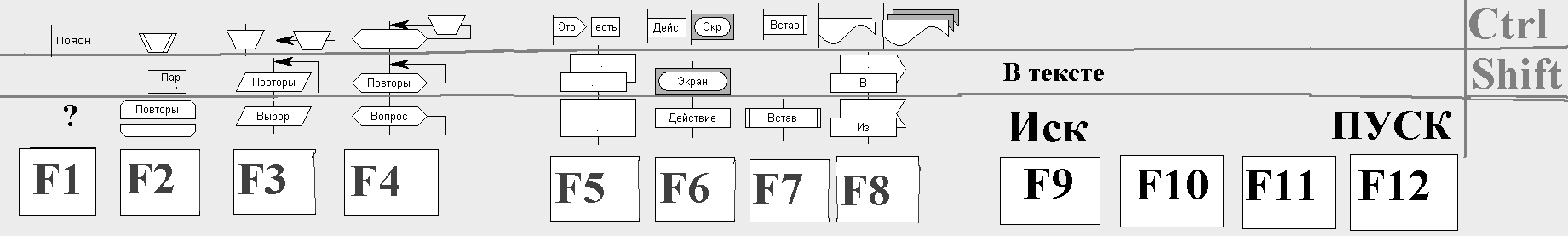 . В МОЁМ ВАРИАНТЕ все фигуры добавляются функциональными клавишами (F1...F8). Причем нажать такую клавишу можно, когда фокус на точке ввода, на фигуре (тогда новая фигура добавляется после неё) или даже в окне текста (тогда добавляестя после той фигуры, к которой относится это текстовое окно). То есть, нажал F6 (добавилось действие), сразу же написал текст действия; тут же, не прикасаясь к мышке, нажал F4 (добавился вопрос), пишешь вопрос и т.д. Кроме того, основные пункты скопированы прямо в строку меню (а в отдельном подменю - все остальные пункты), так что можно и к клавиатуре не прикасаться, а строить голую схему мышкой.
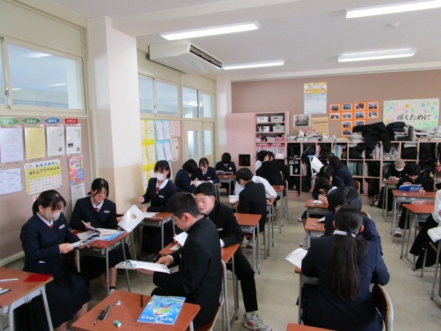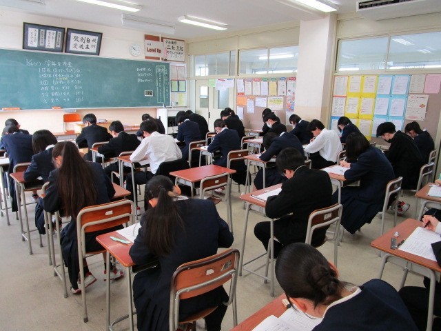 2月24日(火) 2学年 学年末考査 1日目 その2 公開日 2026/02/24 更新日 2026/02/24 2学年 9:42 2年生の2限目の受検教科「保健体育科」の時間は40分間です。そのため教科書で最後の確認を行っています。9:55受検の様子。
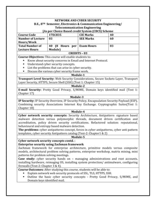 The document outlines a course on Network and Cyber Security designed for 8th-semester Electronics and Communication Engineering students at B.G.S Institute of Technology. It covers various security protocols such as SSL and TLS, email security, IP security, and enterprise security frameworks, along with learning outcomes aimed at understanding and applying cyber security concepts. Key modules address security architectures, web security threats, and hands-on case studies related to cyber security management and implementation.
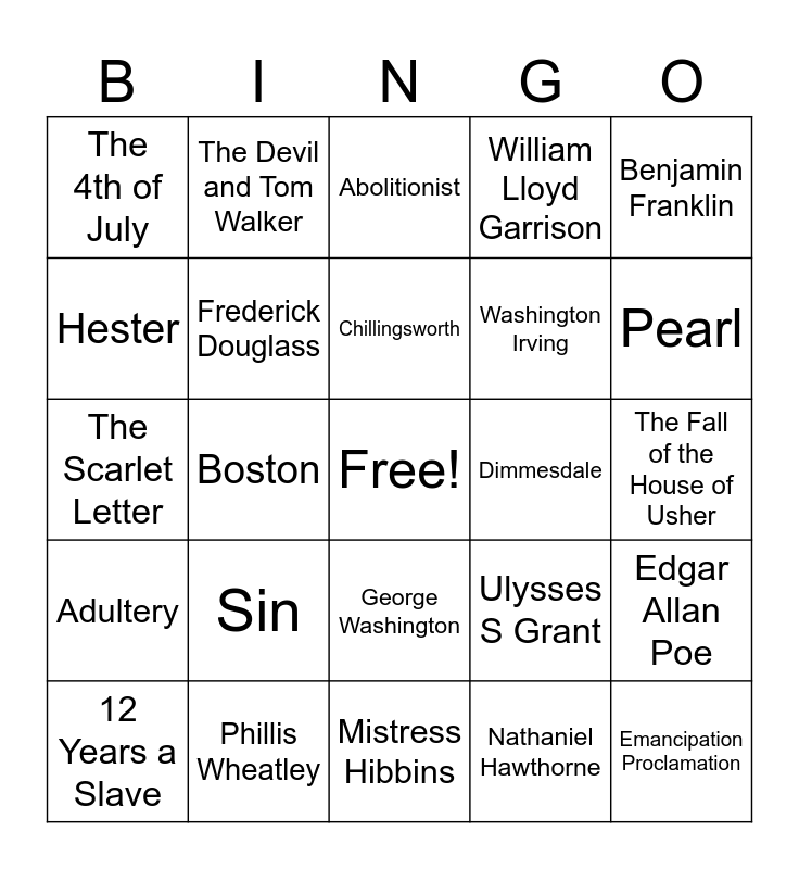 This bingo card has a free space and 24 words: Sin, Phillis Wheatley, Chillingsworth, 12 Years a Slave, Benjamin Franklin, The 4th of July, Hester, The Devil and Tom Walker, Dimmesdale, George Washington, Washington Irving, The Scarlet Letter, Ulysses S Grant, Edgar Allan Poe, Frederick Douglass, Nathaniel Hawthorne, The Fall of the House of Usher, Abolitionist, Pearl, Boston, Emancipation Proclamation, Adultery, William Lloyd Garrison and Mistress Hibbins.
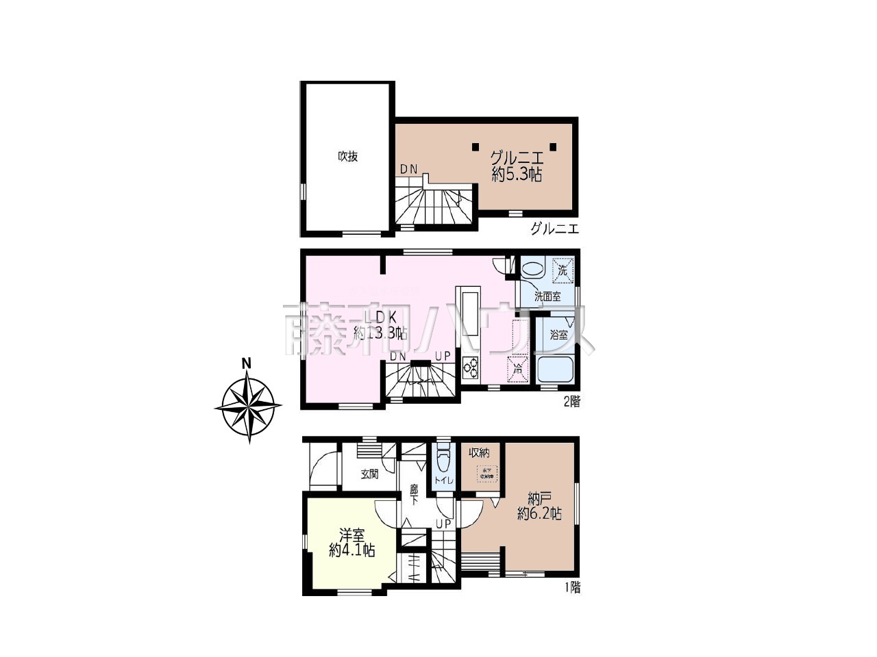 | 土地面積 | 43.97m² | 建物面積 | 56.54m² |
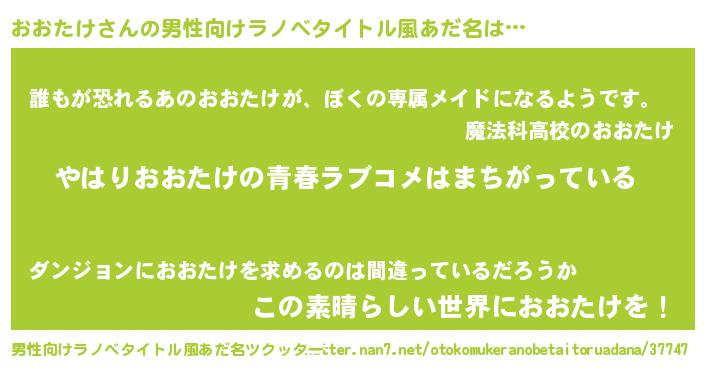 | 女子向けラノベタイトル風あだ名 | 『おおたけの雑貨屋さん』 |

————

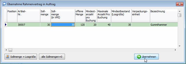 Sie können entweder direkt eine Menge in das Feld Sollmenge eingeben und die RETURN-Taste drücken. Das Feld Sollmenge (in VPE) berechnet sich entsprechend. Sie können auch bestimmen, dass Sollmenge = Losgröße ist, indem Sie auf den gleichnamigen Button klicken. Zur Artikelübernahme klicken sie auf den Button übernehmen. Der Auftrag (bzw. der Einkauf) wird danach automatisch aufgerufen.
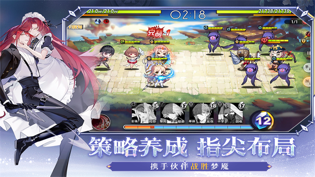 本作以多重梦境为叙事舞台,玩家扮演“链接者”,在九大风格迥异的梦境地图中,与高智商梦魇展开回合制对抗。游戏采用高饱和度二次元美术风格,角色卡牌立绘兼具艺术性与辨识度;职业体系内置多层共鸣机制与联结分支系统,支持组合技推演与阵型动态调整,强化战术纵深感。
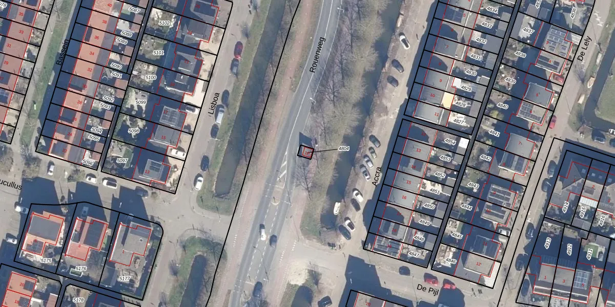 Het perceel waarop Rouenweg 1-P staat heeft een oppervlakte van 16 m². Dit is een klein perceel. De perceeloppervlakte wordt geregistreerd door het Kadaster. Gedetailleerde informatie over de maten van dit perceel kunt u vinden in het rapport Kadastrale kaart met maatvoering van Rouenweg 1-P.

————

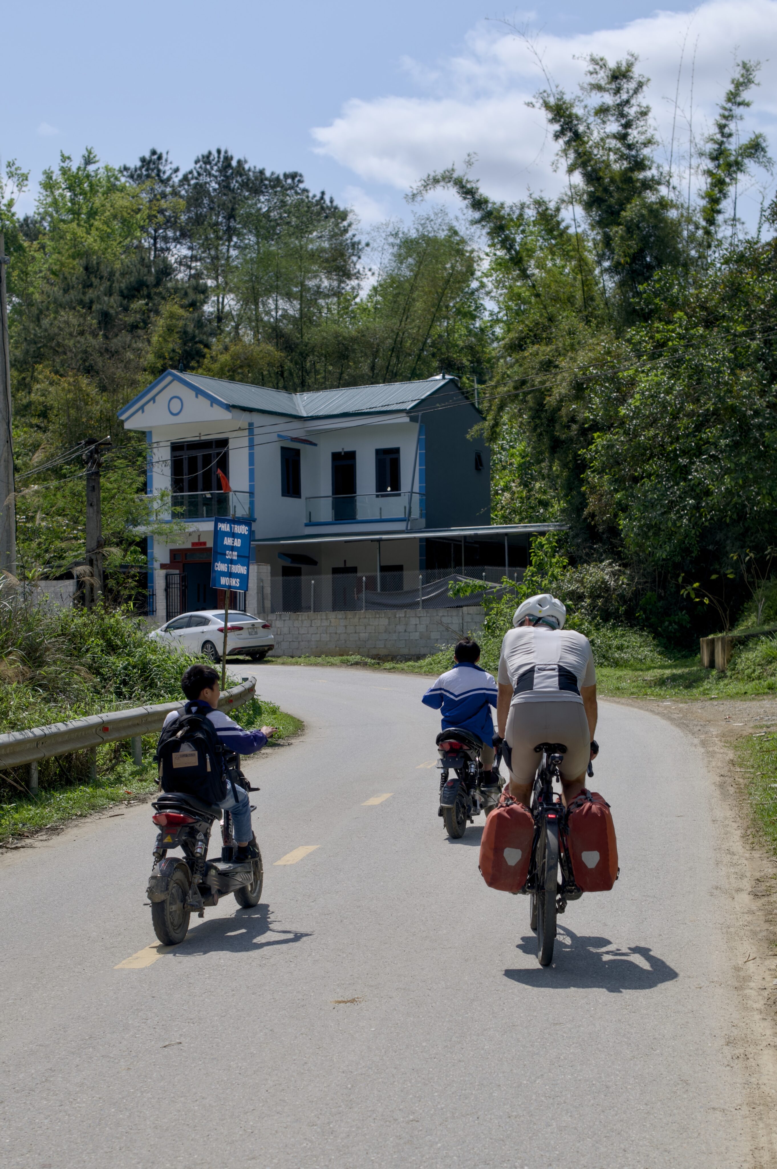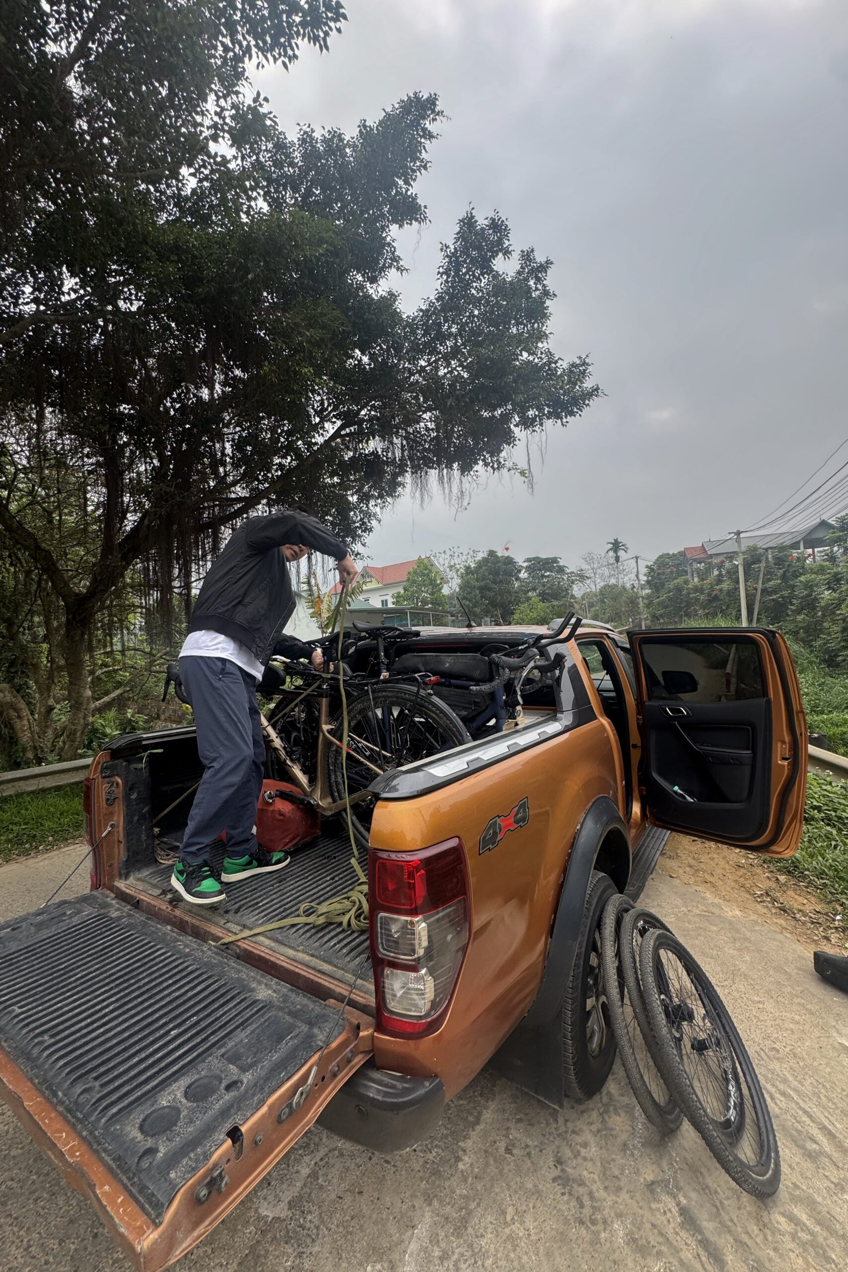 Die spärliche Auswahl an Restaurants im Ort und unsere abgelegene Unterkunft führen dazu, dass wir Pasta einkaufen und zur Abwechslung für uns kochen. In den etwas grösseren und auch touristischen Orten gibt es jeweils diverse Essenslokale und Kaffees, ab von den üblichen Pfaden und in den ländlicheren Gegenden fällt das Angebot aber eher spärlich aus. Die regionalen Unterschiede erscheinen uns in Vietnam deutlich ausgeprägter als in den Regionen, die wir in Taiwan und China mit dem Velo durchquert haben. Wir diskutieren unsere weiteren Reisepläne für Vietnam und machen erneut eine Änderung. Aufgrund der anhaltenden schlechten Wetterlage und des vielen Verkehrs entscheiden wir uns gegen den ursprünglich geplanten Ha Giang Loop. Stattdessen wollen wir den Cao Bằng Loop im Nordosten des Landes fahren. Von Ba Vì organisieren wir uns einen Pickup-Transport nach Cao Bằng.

————

Range to copy from the listing above: the line containing "голую схему мышкой." down to the line containing "The document outlines", both included. Reproduce it exactly, minus the pictures, and add nothing.

Output -
 . В МОЁМ ВАРИАНТЕ все фигуры добавляются функциональными клавишами (F1...F8). Причем нажать такую клавишу можно, когда фокус на точке ввода, на фигуре (тогда новая фигура добавляется после неё) или даже в окне текста (тогда добавляестя после той фигуры, к которой относится это текстовое окно). То есть, нажал F6 (добавилось действие), сразу же написал текст действия; тут же, не прикасаясь к мышке, нажал F4 (добавился вопрос), пишешь вопрос и т.д. Кроме того, основные пункты скопированы прямо в строку меню (а в отдельном подменю - все остальные пункты), так что можно и к клавиатуре не прикасаться, а строить голую схему мышкой.
 2月24日(火) 2学年 学年末考査 1日目 その2 公開日 2026/02/24 更新日 2026/02/24 2学年 9:42 2年生の2限目の受検教科「保健体育科」の時間は40分間です。そのため教科書で最後の確認を行っています。9:55受検の様子。
 The document outlines a course on Network and Cyber Security designed for 8th-semester Electronics and Communication Engineering students at B.G.S Institute of Technology. It covers various security protocols such as SSL and TLS, email security, IP security, and enterprise security frameworks, along with learning outcomes aimed at understanding and applying cyber security concepts. Key modules address security architectures, web security threats, and hands-on case studies related to cyber security management and implementation.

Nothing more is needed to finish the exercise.